• Hi,

    This reminds me of a Anecdote. When I was doing my schooling at Ramakrishna
    Mission School (Main) Chennai, I had wonderful Tamil vaadhiyar, his name is

    He used to tell us, women deprived men of everything from starting to now,
    except beard and moustache (eighteen years years back, may be now the
    situation is different).

    Warrior men used to have flowers to identify the troop, which went to women.
    Metti, went to women. Not to speak about dresses, Shirt, T-Shirt and Pants.
    Aabaranam's became theirs.

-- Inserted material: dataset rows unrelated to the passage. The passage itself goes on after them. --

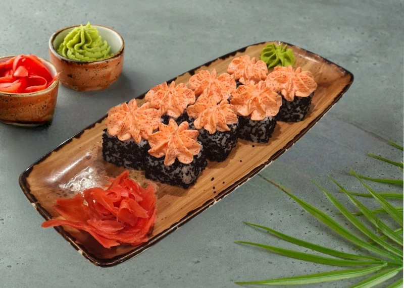 Филе лосося, сыр, рис, масаго, соус лава, имбирь, васаби, соевый соус.
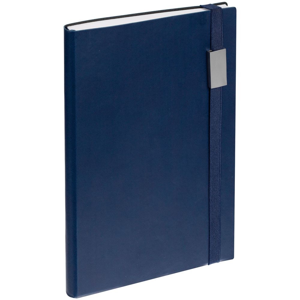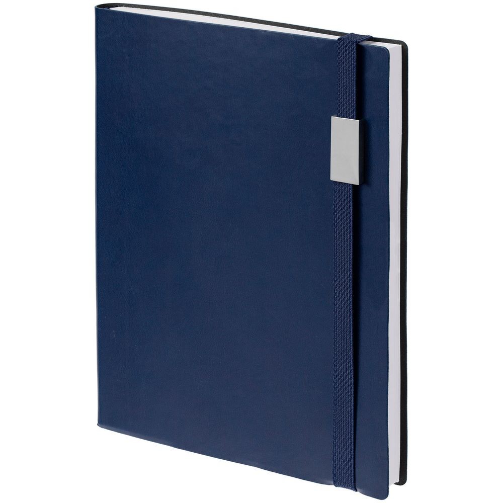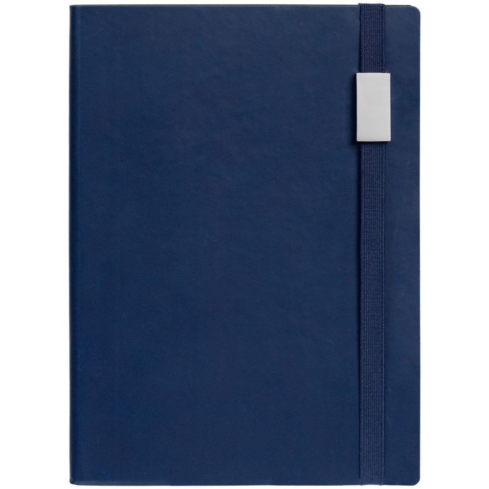 Ежедневник с гибкой обложкой, выполнен из материала Latte, темно-синий XX, дополнен резинкой шириной 1 см, капталом и ляссе синего цвета.
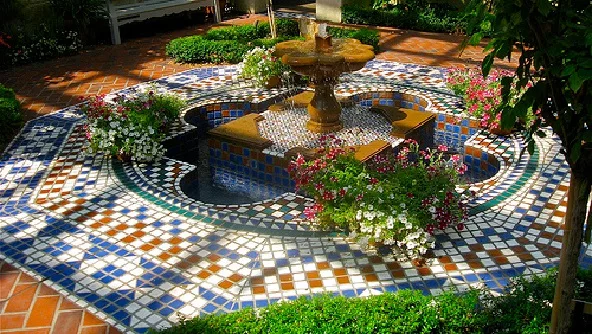 El piso, en tanto, suele estar pavimentado y en caso que no lo esté, se aplican contenedores de plantas para demarcar el área de tránsito con el espacio que ocupan las plantas. En todos estos casos, el cemento cuenta con apliques de cerámica vidriada, azulejos y demás piedras que combinan. “El punto principal es el ornamento, precisión en los detalles”, apunta Sombra.
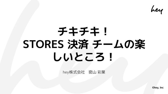 ©hey, Inc hey株式会社 密山 彩葉 チキチキ! STORES 決済 チームの楽 しいところ!
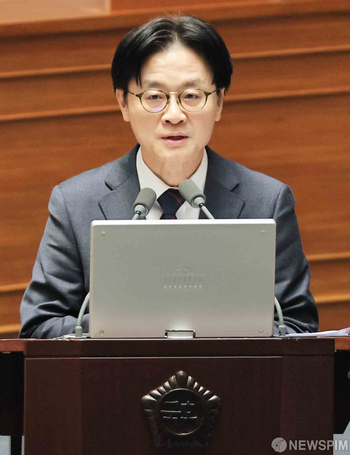 [서울=뉴스핌] 윤창빈 기자 = 김정관 산업통상부 장관이 10일 오후 서울 여의도 국회에서 열린 경제에 관한 대정부질문에서 답변을 하고 있다. 2026.02.10 pangbin@newspim.com

Thiking in this lines Thali..could also have been
    trasfer of property rights....
  • There was a program in 'Makkal TV' sometime back arguing about the
    relevance of Thali in today's world. Its not just about convenience
    but what 'Thali' has come to represent in our society. Very
    interesting discussions.

    But from what I have read, Thali (for that matter, saree/blouse)
    itself was not part of our culture as it existed in the intial
    centuries. They were later additions and I believe the Muslim
    invasion was a strong reason to cover up and mark your females. But
    it might have happened a bit earlier itself. Blouses('ravikkai'??)
    were introduced by the Christian missionaries worried about the
    modesty of the native people (atleast, thats the case in Southern
    Tamilnadu and Travancore), before such things as 'preistly
    abuses'(lighten up!).

    If you read through Marxist literature, Thali is primarily
    identified as a male device to convert a female into property
    an interesting take on the evolution of this mentality and how Thali
    came into being.

    That aside, my personal opinions were shaped by the numerous Tamil
    movies with 'Thali' climaxes which essentially has made me sick of
    the importance given and the intolerable sentiments associated with

    Muthu Prakash R
  • Muthu, extremely well said . My grandmother from kerala has great funny real stories on evolution of the blouse, some of them too candid for this forum. As far as thali goes atleast among brahmins the seetha kalyanm that the kanyadan sloka refers to had no thali. In fact Rama wore a ring and sita a hair ornament given by thir fathers in honor of the wedding. A symbol is fine as long as both man and woman wear it. But a one sided symbol combined with sentiment and convenience based religios beliefs are funny to say the least.